General information
- Status: Completed
- Type: Offices, shopping mall
- Location: Soor Street, Sharq, Kuwait, Kuwait City, Kuwait
- Coordinates: 29°22′14″N 47°59′31″E﻿ / ﻿29.3705°N 47.9919°E
- Construction started: 2005
- Completed: 2009
- Inaugurated: 2009
- Cost: $122 million
- Owner: The Commercial Real Estate Company

Height
- Architectural: 218 m (715 ft)
- Tip: 218 m (715 ft)
- Top floor: 158 m (518 ft)

Technical details
- Floor count: 41
- Lifts/elevators: 8

Design and construction
- Architecture firm: Al-Jazera Consultants, NORR Group

Other information
- Parking: 740

Website
- www.altijaria.com/projects/1

= Al Tijaria Tower =

Skyscraper in Kuwait

Al Tijaria Tower (برج التجارية) is a skyscraper in Sharq, Kuwait. The tower is characterized by a two degree wrap between one floor and the other.

==Profile==
The tower is located across from the Al Shaheed Park, the building area is 4293.6 sqm.

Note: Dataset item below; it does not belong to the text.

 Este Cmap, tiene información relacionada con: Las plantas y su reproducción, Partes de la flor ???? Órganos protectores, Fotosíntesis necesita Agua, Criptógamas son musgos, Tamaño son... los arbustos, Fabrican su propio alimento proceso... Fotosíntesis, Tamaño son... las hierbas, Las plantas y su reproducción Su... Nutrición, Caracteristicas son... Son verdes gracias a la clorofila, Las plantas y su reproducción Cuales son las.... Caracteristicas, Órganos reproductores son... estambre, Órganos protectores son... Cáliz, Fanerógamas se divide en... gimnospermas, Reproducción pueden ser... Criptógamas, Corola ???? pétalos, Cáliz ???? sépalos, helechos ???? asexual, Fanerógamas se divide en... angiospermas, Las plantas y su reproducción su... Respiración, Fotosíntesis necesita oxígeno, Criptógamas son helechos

The form of Al Tijaria Tower (also known as the Kuwait Trade Center) is inspired by a spiral or helix. The body of the tower “twists” by 80 degrees as it climbs from the ground level to the top-most occupied floor. The tower plate is organized with a circular-shaped core located in the center of the floor. A concentric ring of structural columns allows for variation in slab edge location while keeping columns vertically aligned from floor to floor. This slab edge adjustment creates a twisted exterior massing for the tower. The tower features internal, vertically stacked, six-story-high atrium gardens rising through the height of the tower. The stacked atrium gardens spin around the center of the plate, creating a dynamic twisted space rising through the tower.

The exterior cladding design of the tower is a smooth aluminum and glass unitized curtain wall system. Materials include insulated blue-tinted vision and spandrel glass with selected use of silver aluminum panels. Glazing the atrium is insulated “clear” low-E glass (with custom ceramic frit pattern to control solar heat gain) supported by a stainless steel point-fixation system. Contrasting the tower, the podium is clad in a combination of natural stone and pre-cast concrete.

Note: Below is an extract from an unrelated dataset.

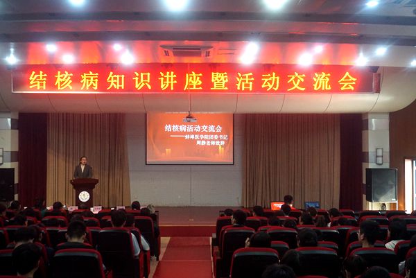 为响应习近平总书记提出的健康中国理念,推进部署今年“百千万志愿者结核病防治知识传播活动”,3月28日,在我校学术报告厅,校团委联合蚌埠市疾病预防控制中心共同开展结核病知识讲座暨活动交流会。蚌埠市疾控中心副主任钱青文及中心相关同志,校团委副书记周静及我校的200余名大学生青年志愿者参加了活动。

The Tower is composed of a five-story podium shopping mall, with an open-to-sky garden terrace on the podium roof, and an office tower rising above. The structural system of the shopping mall is a waffle slab with columns located on a 9 x 9 m grid. Office floors are reinforced concrete slabs supported on structural steel beams. The floor plates rotate 2.0 degrees clockwise as they rise. Horizontal stability was provided using a number of strong core walls together with a 21 m diameter core wall in the tower area. The twelve equally-spaced tower columns are reinforced concrete, or composite with steel built up sections.